Мать прижимала Джиргалу к себе.
Очир стоял рядом.
Мерген стоял рядом.
Изнутри, оттуда, где было темно, шёл запах — тёплый, густой и совершенно домашний: так пахло в загоне у Горяевых, когда там ещё стояла скотина. Навоз, солома, шерсть.
Здесь этот запах был неправильный. Он был единственным знакомым запахом на всей станции, и от этого делалось хуже, а не лучше.
Потом человек взялся за дверь.
И Бадма услышал скрип.
ГЛАВА 5. ПОЧЕРК
Лист пролежал на кухонном столе неделю.
Алдар приезжал, работал в комнате, выносил мешки, а лист лежал где положили, и он его не убирал и не перечитывал.
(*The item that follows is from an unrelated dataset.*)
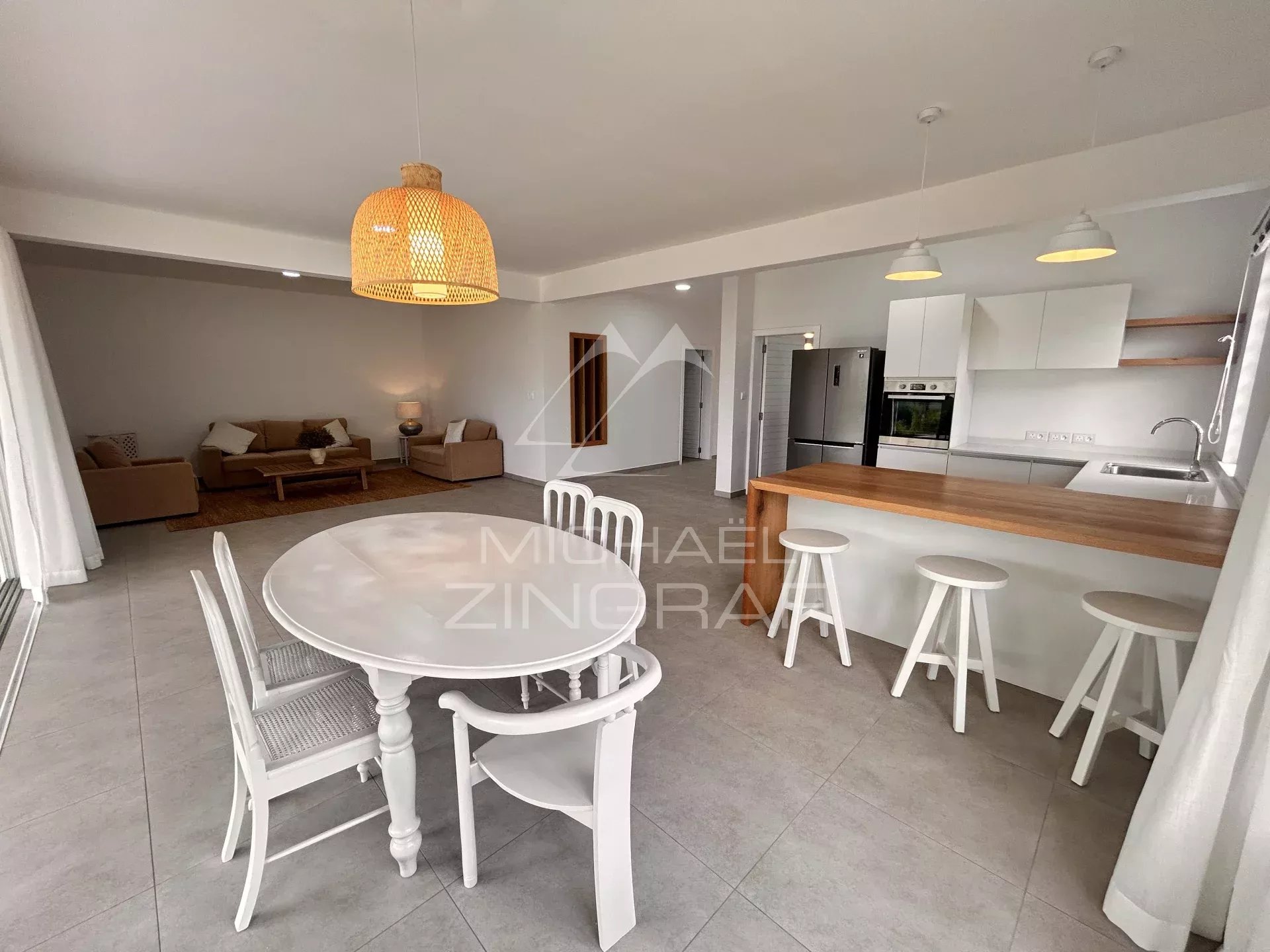 Idéalement située au bord du barachois dans une résidence pieds dans l’eau à Calodyne, cette villa meublée et équipée offre une douceur de vivre rare. Accès direct au lagon, balades...

Один раз накрыл газетой, чтобы не запылился, потом снял газету.
В следующую субботу он взял его к окну и посмотрел на просвет.
Бумага была не старая. Он ждал, что она окажется старой — под стать конвертам и справкам, — но она была обычная, послевоенная и даже позже, с той рыхлой белизной, какая бывает у дешёвых тетрадей шестидесятых и семидесятых. Линейка бледная, машинная. Волокно короткое.
Значит, это писали не тогда.
Он поймал себя на том, что определяет возраст бумаги так же, как определял бы возраст штукатурного слоя, — и что это единственный способ, которым он сейчас умеет к этому подойти.
Буквы были крупные и стояли отдельно.
Не печатные, но и не связные: каждая выведена сама по себе, с одинаковым сильным нажимом, будто человек всякий раз заново решал, как её начать. Наклон ровный. Строка держится. Так пишут не быстро.